Any image in the records should be left out; output everything else exactly.

### EXERCISE INPUT
+ + + +

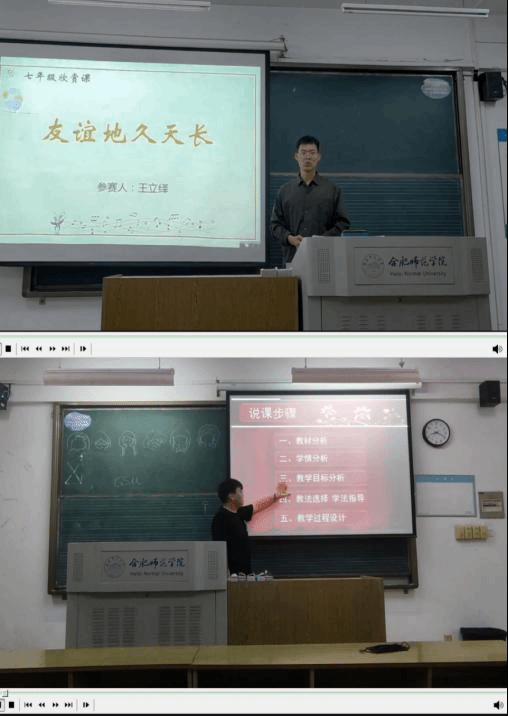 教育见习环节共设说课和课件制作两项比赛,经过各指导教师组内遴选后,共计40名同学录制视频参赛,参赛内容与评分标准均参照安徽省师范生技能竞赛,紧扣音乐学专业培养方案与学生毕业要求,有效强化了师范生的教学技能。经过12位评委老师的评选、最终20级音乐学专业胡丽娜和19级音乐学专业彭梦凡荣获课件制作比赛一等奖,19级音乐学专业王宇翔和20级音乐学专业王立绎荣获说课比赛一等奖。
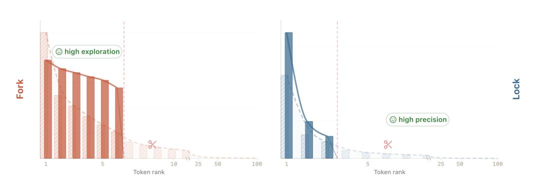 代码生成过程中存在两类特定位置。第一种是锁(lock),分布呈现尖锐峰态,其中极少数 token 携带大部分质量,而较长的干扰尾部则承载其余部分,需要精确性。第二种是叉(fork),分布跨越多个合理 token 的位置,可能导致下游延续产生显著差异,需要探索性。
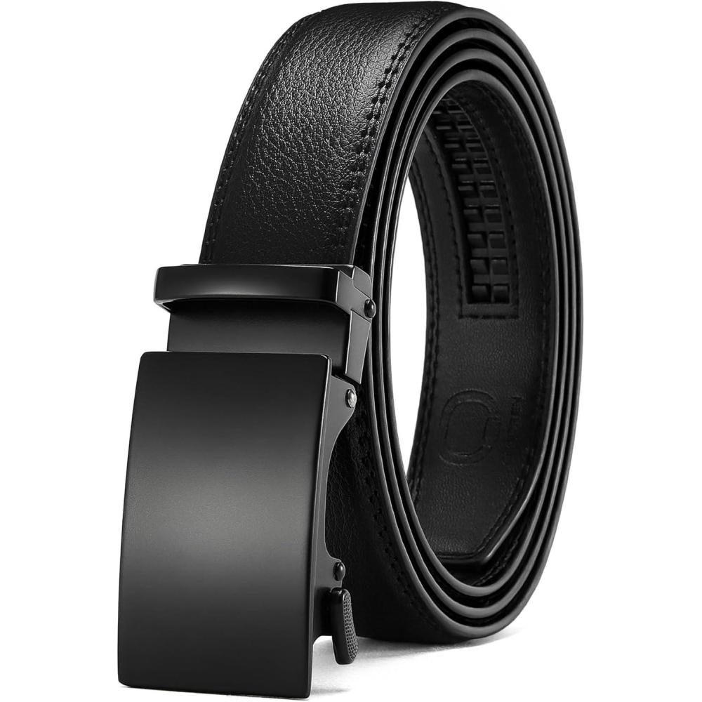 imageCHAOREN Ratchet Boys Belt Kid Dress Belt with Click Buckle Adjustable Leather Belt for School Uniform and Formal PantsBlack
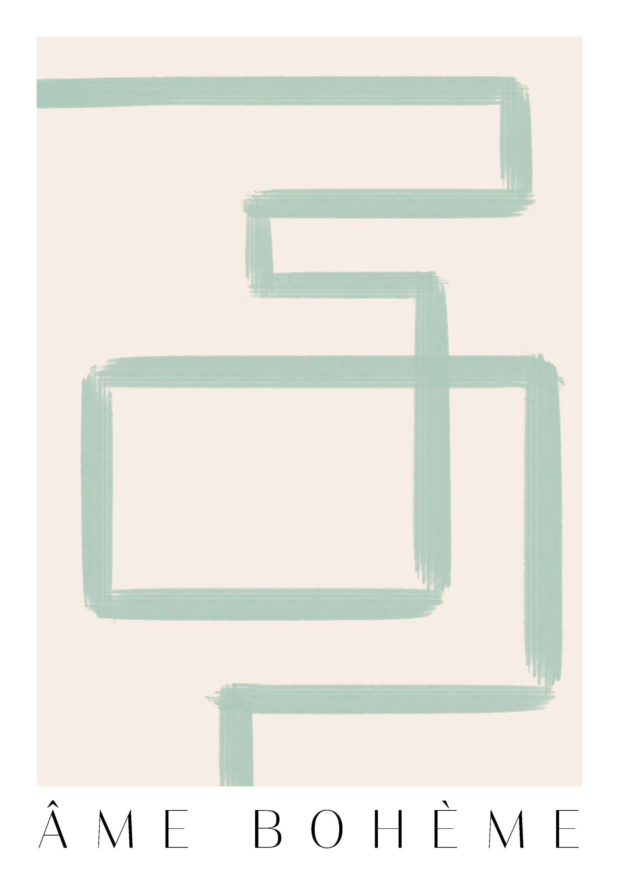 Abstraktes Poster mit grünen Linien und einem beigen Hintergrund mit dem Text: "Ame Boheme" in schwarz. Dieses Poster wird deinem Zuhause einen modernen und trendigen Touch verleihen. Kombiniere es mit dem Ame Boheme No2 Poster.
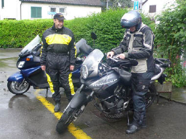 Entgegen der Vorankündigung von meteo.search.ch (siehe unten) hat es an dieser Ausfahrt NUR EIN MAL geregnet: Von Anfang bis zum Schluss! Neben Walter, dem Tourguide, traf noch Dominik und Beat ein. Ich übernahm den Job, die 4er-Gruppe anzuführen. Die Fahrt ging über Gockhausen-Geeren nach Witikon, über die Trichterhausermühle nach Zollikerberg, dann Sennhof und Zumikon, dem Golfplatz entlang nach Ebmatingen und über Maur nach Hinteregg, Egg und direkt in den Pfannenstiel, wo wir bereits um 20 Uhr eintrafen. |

+ + + +

### SOLUTION
 教育见习环节共设说课和课件制作两项比赛,经过各指导教师组内遴选后,共计40名同学录制视频参赛,参赛内容与评分标准均参照安徽省师范生技能竞赛,紧扣音乐学专业培养方案与学生毕业要求,有效强化了师范生的教学技能。经过12位评委老师的评选、最终20级音乐学专业胡丽娜和19级音乐学专业彭梦凡荣获课件制作比赛一等奖,19级音乐学专业王宇翔和20级音乐学专业王立绎荣获说课比赛一等奖。
 代码生成过程中存在两类特定位置。第一种是锁(lock),分布呈现尖锐峰态,其中极少数 token 携带大部分质量,而较长的干扰尾部则承载其余部分,需要精确性。第二种是叉(fork),分布跨越多个合理 token 的位置,可能导致下游延续产生显著差异,需要探索性。
 imageCHAOREN Ratchet Boys Belt Kid Dress Belt with Click Buckle Adjustable Leather Belt for School Uniform and Formal PantsBlack
 Abstraktes Poster mit grünen Linien und einem beigen Hintergrund mit dem Text: "Ame Boheme" in schwarz. Dieses Poster wird deinem Zuhause einen modernen und trendigen Touch verleihen. Kombiniere es mit dem Ame Boheme No2 Poster.
 Entgegen der Vorankündigung von meteo.search.ch (siehe unten) hat es an dieser Ausfahrt NUR EIN MAL geregnet: Von Anfang bis zum Schluss! Neben Walter, dem Tourguide, traf noch Dominik und Beat ein. Ich übernahm den Job, die 4er-Gruppe anzuführen. Die Fahrt ging über Gockhausen-Geeren nach Witikon, über die Trichterhausermühle nach Zollikerberg, dann Sennhof und Zumikon, dem Golfplatz entlang nach Ebmatingen und über Maur nach Hinteregg, Egg und direkt in den Pfannenstiel, wo wir bereits um 20 Uhr eintrafen. |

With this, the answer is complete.